● **Data below**
Content starts

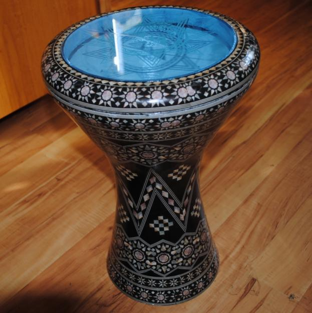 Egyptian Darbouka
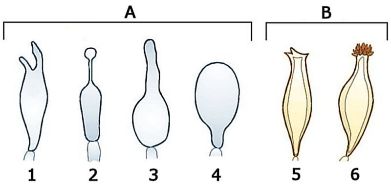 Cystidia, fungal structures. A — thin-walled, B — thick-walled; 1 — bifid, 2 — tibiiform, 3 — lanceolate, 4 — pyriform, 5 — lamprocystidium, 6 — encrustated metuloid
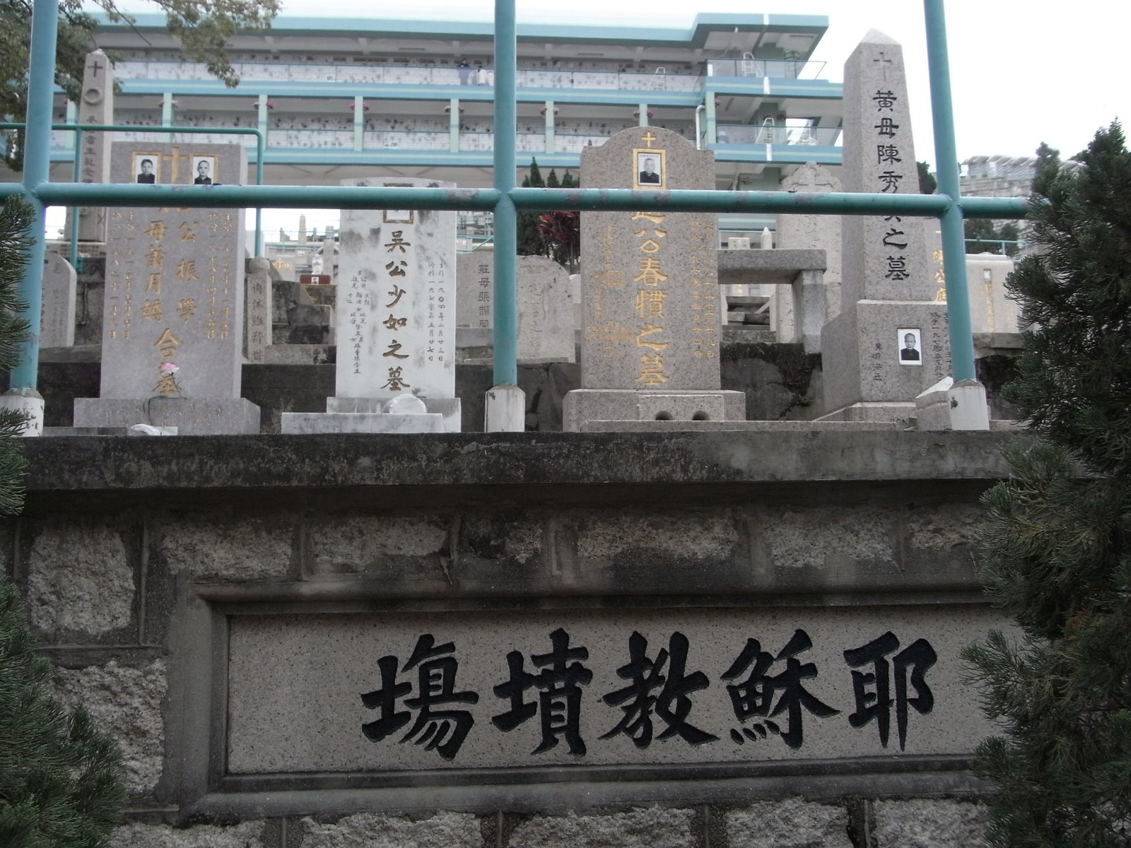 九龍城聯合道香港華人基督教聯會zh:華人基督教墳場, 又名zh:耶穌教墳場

Content ends

● **Your task**
Once the pictures are dropped, repeat the data above exactly.

● **Solution to the problem**
 Egyptian Darbouka
 Cystidia, fungal structures. A — thin-walled, B — thick-walled; 1 — bifid, 2 — tibiiform, 3 — lanceolate, 4 — pyriform, 5 — lamprocystidium, 6 — encrustated metuloid
 九龍城聯合道香港華人基督教聯會zh:華人基督教墳場, 又名zh:耶穌教墳場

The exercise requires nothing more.